**ACTION ITEM**. Restate word for word the lines below from the one that has "Keywords: Bucatini, Amatriciana, Italian" through the one that has "The relationship between", keeping both and dropping all pictures.
━━━ RECORD EXCERPTS
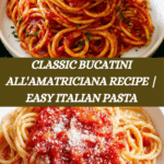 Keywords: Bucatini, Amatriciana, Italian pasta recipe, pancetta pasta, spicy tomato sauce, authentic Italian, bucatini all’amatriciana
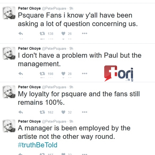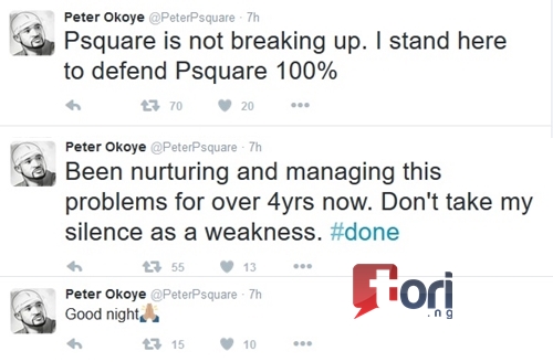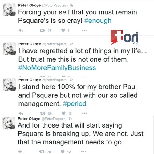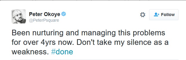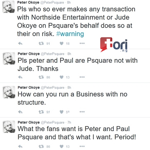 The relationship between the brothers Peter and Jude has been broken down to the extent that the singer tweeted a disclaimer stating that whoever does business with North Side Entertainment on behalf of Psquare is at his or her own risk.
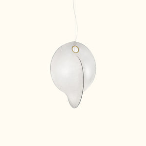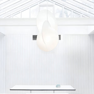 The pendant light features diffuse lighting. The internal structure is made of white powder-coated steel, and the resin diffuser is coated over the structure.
━━━━━━
━━━ RECORD EXCERPTS
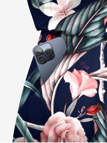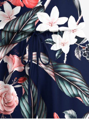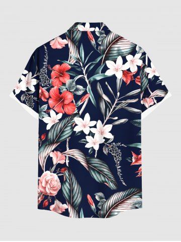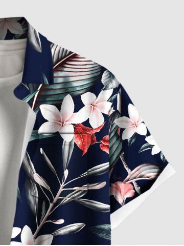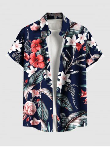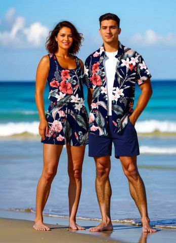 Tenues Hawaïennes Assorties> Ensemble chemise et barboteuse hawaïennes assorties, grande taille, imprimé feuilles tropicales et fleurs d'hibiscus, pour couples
━━━━━━
**SOLVED PROBLEM**.
 Keywords: Bucatini, Amatriciana, Italian pasta recipe, pancetta pasta, spicy tomato sauce, authentic Italian, bucatini all’amatriciana
 The relationship between the brothers Peter and Jude has been broken down to the extent that the singer tweeted a disclaimer stating that whoever does business with North Side Entertainment on behalf of Psquare is at his or her own risk.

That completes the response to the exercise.